Chad: The Ennedi Plateau & Niola Doa
Located in the African state of Chad, the Ennedi plateau is home to the most south-eastern mountainous relief of the entire Sahara, which is why it has much higher rainfall than the rest of the great desert, representing the first barrier placed at the arrival of the southwestern trade humid winds.
This relative abundance of water makes it a small Saharan Eden, with the presence of almost tropical vegetation such as ficus and hibiscus typical of other latitudes, as well as a peculiar fauna consisting of baboons, gazelles, rock worms, and fennecs.
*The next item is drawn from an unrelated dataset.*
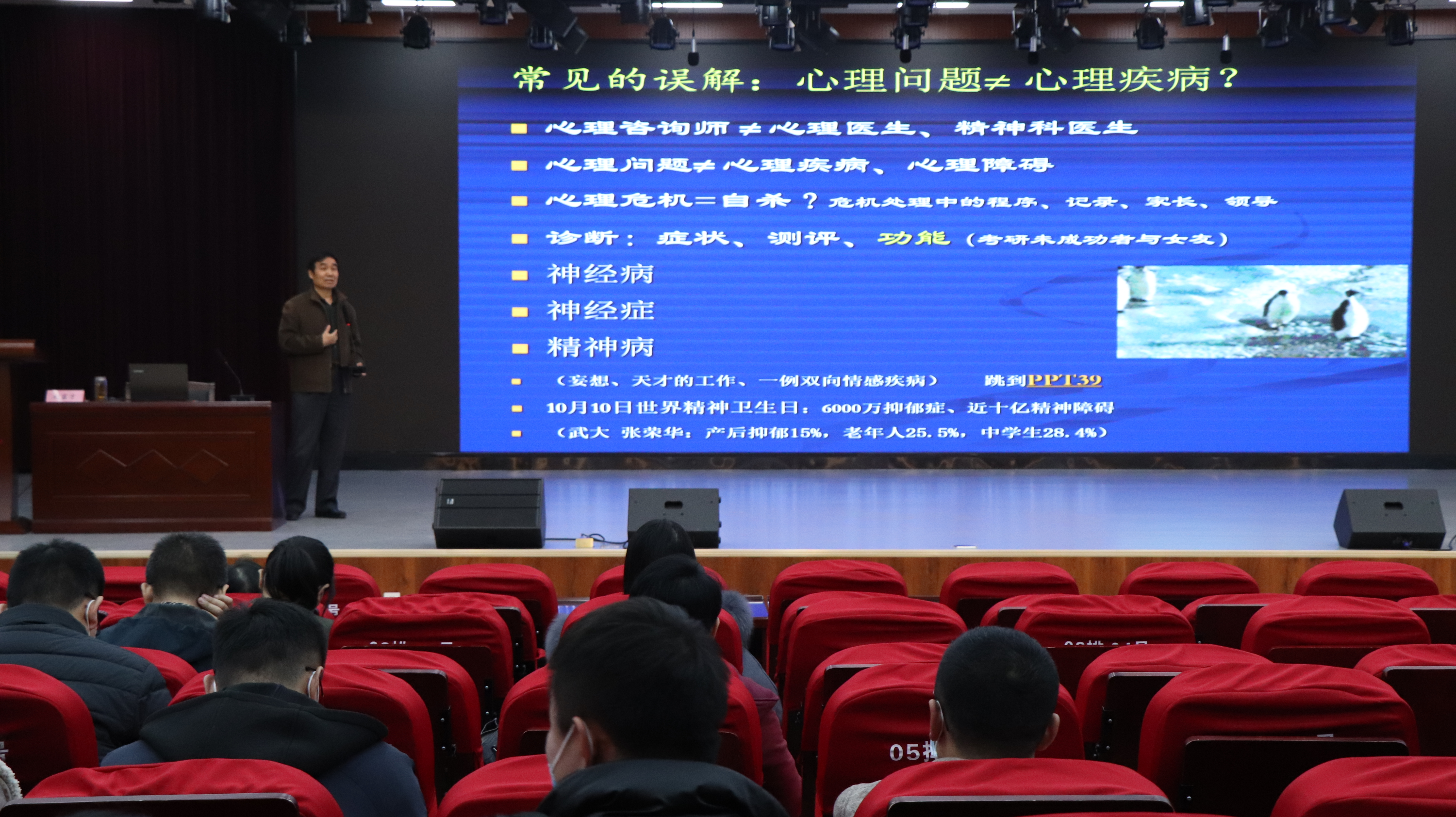 赵富才以《家校携手,共筑心理安全网——学生心理危机应对的技术实操》为题展开宣讲,主题明确、内容丰富,既有深入浅出的理论阐述,又有广征博引的案例分析,更有实践层面的对策思考。他通过与大家分享《精神卫生法》中学校的法定义务、《学生伤害事故处理办法》对学校责任的规定、《侵权责任法》关于一般侵权的责任等法律条文,结合具体案例、深入浅出地带领大家梳理高校心理教育活动基本法理关系,使每位辅导员老师更加深入地了解开展心理健康教育活动的法理依据,初步掌握心理危机预防干预的策略和技巧。赵富才特别向在座的辅导员班主任们进行强调,“心理问题”不等于“心理疾病”,通过带领大家学习个人心理正常与异常的定性分析依据与心理学三原则标准带领大家明确“心理疾病”与“心理问题”的区别,结合自己多年从事大学生心理咨询工作的经验,用发生在身边的一个个真实案例,告诉在座的辅导员班主任们“面对学生行为反常的状态,要及时进行心理危机干预”。他还通过分享自己过去进行心理危机干预的例子,用富有画面感的语言帮助现场的辅导员班主任掌握做好心理危机干预工作需要掌握的原则和技巧,并提醒辅导员们在面对有心理危机问题的学生时一定要坚持一视同仁、保密、以身作则三个原则,要关注学生身上的闪光点,耐心倾听他们的述说,站在他们的角度去思考问题。同时,赵富才着重对如何消除家长阻抗、实现家校联动、建立家校心理健康教育合作机制等方面提出富有针对性与建设性的指导意见,提倡建立“家长学校”以开展家校互动工作,并对家长学校的课程内容、组织形式与运作方式提出合理规划与建议,幽默风趣的语言、细致入微地讲解以及真诚地互动引起在场辅导员班主任们的反响和共鸣。

Thanks to the combined action of water and wind over time, this mountain range looks like a triangular-shaped sandstone relief, flat at the top, extending for 40,000 sq km (as much as Switzerland), heavily eroded to form an incredible and phantasmagoric labyrinth of deep canyons, gorges, precipitous cliffs, pinnacles, and arches.
In the past few decades, scholars and passionate travelers in northern Chad have brought to light a surprisingly wide variety of rock art themes and styles which UNESCO recognized as a World Heritage Site in 2016.
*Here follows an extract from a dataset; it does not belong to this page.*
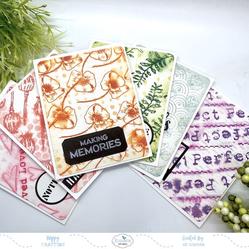 I am up on the Elizabeth Craft Designs Blog today sharing how I created these six cards by hand stamping my own printed paper using Ilse and Charlene’s stamps and stencils.

Interestingly, image processing software recently discovered that in some cases visible paints overlap older, half-erased, very differently styled images barely noticeable to the naked eye.
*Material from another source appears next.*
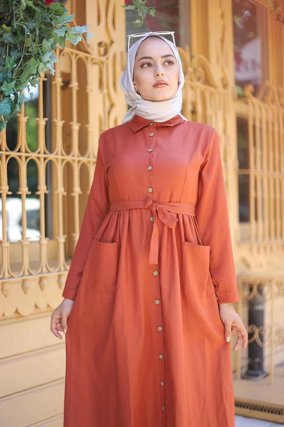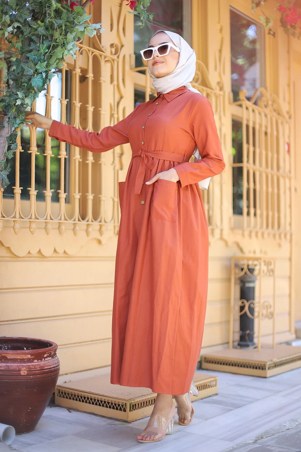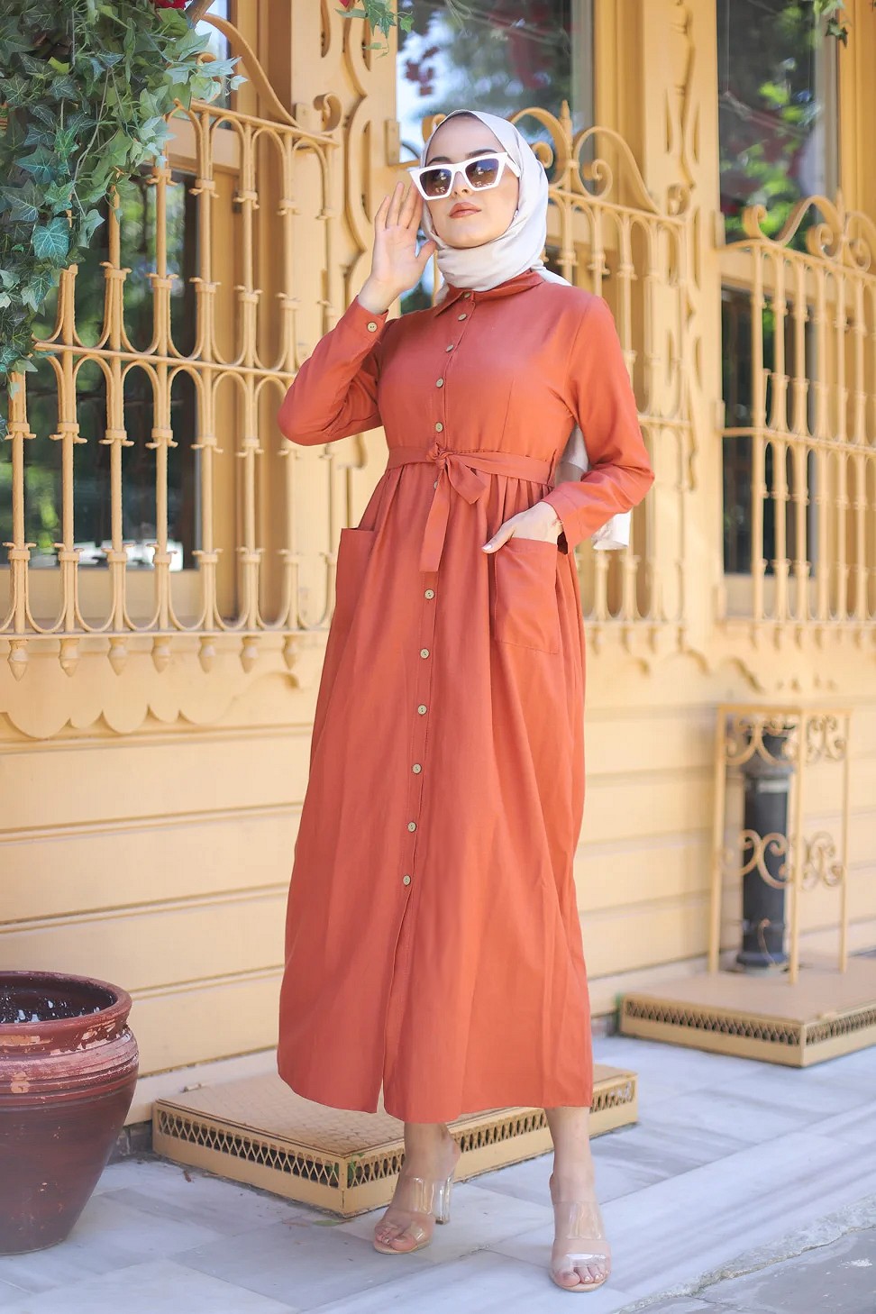 Robe chemise longue avec ceinture et grandes poches (Vetement ample pour femme voilée) - Couleur brique Vetement & Accessoire

Further east on the Ennedi plateau, at Niola Doa, groups of finely engraved characters stand out as a magnificent example of Saharan art. We can only imagine what extraordinary vision the landscape aspect of the Ennedi must have given when artists decorated the rocky surfaces with pictograms and petroglyphs.
The walls of this mountain range are literally scattered with thousands and thousands of paintings, the oldest being 8,000 years old, attesting to an intense and prolonged presence in prehistoric times, even with superimpositions of more recent images on older drawings, as well as some ancient images invisible to the eye but visible with modern DStretch technology, which reveals a stylistic evolution over time.
Compared to that of other Saharan areas, Ennedi’s art is characterized by a clear prevalence of two-tone red and white paintings, in some cases, even monochromatic, with realistic images of men and domesticated animals portrayed in scenes of everyday life, like horses and camels mounted by riders launched at a flying gallop, endowed with a strong sense of movement, or the so-called “sentinels”, with shields and spears.
From a chronological point of view, these are later manifestations than in other areas (the classic naturalistic initial phase of the large Mesolithic wildlife, as well as the subsequent one of the roundheads, are contained to a minimum), ranging from the late Bovidian Neolithic to the appearance of the horse and the camel, already in historical times, which attests a temporal and cultural delay.
Like almost every other ancient rock art site in the world, there are also many figures with anthropomorphic features, divine/mythical beings, spirals, and labyrinths.
The symbols portrayed, the spiral and the labyrinth above all, are indeed similar to those that can also be found in many other ancient rock art sites, from North America to China.